### [YOUR INSTRUCTIONS]
Your copy of the entries must be exact, and it must not include the pictures.

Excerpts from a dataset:
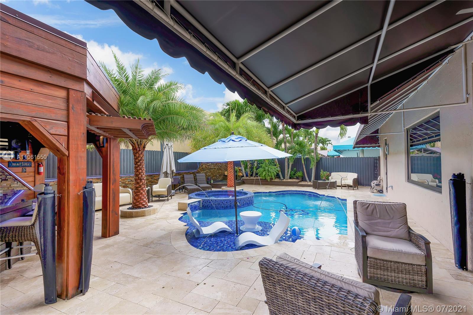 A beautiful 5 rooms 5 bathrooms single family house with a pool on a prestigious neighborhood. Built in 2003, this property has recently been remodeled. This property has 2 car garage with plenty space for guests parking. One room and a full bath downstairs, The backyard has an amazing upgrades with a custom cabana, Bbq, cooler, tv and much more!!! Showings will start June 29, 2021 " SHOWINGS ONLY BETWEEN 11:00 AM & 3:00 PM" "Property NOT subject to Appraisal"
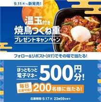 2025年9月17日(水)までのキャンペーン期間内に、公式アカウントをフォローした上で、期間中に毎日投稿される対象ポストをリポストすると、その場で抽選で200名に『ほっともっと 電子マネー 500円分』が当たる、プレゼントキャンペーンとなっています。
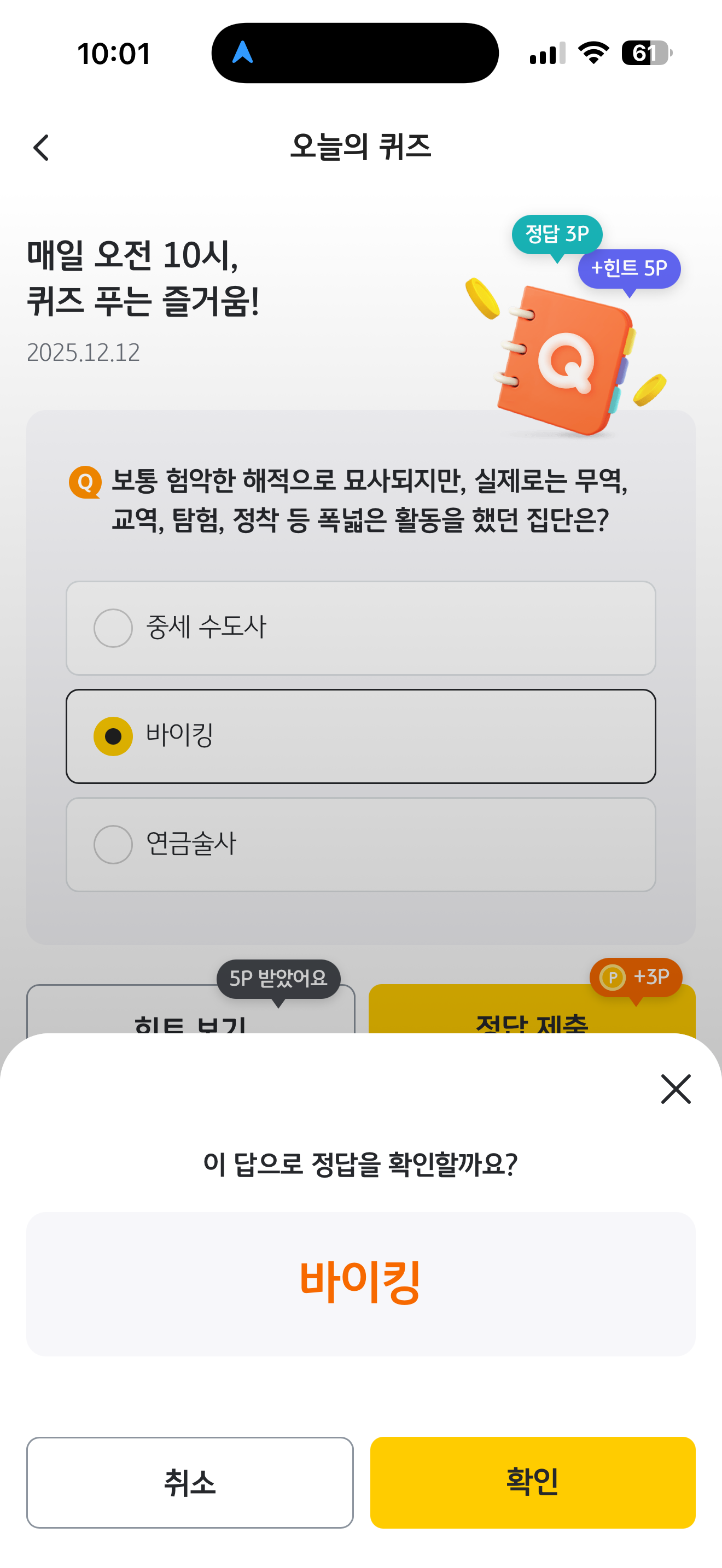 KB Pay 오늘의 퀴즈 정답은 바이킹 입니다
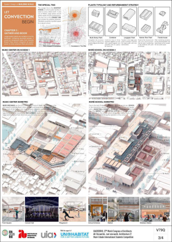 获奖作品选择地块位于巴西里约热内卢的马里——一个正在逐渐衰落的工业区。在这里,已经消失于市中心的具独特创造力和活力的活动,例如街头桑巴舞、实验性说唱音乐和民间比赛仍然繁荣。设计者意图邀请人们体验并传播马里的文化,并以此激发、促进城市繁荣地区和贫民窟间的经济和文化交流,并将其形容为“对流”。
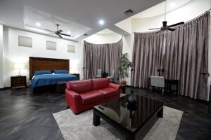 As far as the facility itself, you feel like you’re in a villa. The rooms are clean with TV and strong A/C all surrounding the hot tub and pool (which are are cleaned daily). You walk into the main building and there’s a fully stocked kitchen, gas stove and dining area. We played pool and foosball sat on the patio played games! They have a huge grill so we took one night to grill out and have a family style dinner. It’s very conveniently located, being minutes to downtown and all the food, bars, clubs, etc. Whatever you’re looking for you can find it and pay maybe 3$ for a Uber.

### [TASK SOLUTION]
 A beautiful 5 rooms 5 bathrooms single family house with a pool on a prestigious neighborhood. Built in 2003, this property has recently been remodeled. This property has 2 car garage with plenty space for guests parking. One room and a full bath downstairs, The backyard has an amazing upgrades with a custom cabana, Bbq, cooler, tv and much more!!! Showings will start June 29, 2021 " SHOWINGS ONLY BETWEEN 11:00 AM & 3:00 PM" "Property NOT subject to Appraisal"
 2025年9月17日(水)までのキャンペーン期間内に、公式アカウントをフォローした上で、期間中に毎日投稿される対象ポストをリポストすると、その場で抽選で200名に『ほっともっと 電子マネー 500円分』が当たる、プレゼントキャンペーンとなっています。
 KB Pay 오늘의 퀴즈 정답은 바이킹 입니다
 获奖作品选择地块位于巴西里约热内卢的马里——一个正在逐渐衰落的工业区。在这里,已经消失于市中心的具独特创造力和活力的活动,例如街头桑巴舞、实验性说唱音乐和民间比赛仍然繁荣。设计者意图邀请人们体验并传播马里的文化,并以此激发、促进城市繁荣地区和贫民窟间的经济和文化交流,并将其形容为“对流”。
 As far as the facility itself, you feel like you’re in a villa. The rooms are clean with TV and strong A/C all surrounding the hot tub and pool (which are are cleaned daily). You walk into the main building and there’s a fully stocked kitchen, gas stove and dining area. We played pool and foosball sat on the patio played games! They have a huge grill so we took one night to grill out and have a family style dinner. It’s very conveniently located, being minutes to downtown and all the food, bars, clubs, etc. Whatever you’re looking for you can find it and pay maybe 3$ for a Uber.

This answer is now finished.